> **PROBLEM TO SOLVE**:
Whenever the word "para" turns up in a line of the data below, copy that line.

── RECORD EXCERPTS ──

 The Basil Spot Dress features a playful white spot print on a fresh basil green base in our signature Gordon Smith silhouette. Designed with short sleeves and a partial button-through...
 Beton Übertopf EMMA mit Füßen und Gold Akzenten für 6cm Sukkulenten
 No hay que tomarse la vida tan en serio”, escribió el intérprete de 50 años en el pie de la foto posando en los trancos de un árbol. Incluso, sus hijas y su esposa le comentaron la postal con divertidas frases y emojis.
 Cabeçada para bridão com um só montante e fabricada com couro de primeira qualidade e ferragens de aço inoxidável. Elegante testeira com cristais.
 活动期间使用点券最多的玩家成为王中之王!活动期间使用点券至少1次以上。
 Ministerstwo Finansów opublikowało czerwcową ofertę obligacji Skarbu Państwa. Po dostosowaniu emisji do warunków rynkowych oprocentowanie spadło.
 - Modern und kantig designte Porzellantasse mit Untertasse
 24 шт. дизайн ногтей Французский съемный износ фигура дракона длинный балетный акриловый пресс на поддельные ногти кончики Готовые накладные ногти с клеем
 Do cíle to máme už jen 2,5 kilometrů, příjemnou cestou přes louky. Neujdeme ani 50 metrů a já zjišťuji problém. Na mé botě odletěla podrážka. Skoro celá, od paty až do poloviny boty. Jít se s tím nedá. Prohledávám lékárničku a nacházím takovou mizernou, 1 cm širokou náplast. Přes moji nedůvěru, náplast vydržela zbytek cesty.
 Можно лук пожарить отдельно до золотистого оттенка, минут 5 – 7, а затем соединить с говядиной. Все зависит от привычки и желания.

───
── RECORD EXCERPTS ──

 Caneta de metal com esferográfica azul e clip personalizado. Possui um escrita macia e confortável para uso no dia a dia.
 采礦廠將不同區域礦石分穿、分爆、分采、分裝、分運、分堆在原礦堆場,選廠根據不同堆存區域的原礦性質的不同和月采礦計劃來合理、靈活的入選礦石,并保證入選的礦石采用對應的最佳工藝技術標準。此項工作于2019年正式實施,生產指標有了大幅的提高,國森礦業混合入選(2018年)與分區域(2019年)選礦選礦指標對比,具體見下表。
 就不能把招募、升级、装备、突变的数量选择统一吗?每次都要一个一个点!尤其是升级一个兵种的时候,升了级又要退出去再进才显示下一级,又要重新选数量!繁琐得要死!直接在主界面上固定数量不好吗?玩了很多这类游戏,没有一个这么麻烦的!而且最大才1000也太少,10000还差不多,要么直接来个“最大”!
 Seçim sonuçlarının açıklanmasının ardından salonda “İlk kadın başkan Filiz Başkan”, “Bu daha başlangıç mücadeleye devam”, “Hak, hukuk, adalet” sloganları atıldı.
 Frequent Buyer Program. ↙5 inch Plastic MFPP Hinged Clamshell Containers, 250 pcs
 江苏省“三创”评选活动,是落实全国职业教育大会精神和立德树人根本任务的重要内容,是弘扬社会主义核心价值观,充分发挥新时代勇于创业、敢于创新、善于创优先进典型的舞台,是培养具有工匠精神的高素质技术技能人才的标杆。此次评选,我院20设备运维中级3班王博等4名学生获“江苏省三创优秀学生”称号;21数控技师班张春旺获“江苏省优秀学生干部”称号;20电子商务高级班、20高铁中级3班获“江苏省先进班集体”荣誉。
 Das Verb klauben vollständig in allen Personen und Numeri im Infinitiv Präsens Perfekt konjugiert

───

> **SOLUTION BELOW**:
 Cabeçada para bridão com um só montante e fabricada com couro de primeira qualidade e ferragens de aço inoxidável. Elegante testeira com cristais.
 Caneta de metal com esferográfica azul e clip personalizado. Possui um escrita macia e confortável para uso no dia a dia.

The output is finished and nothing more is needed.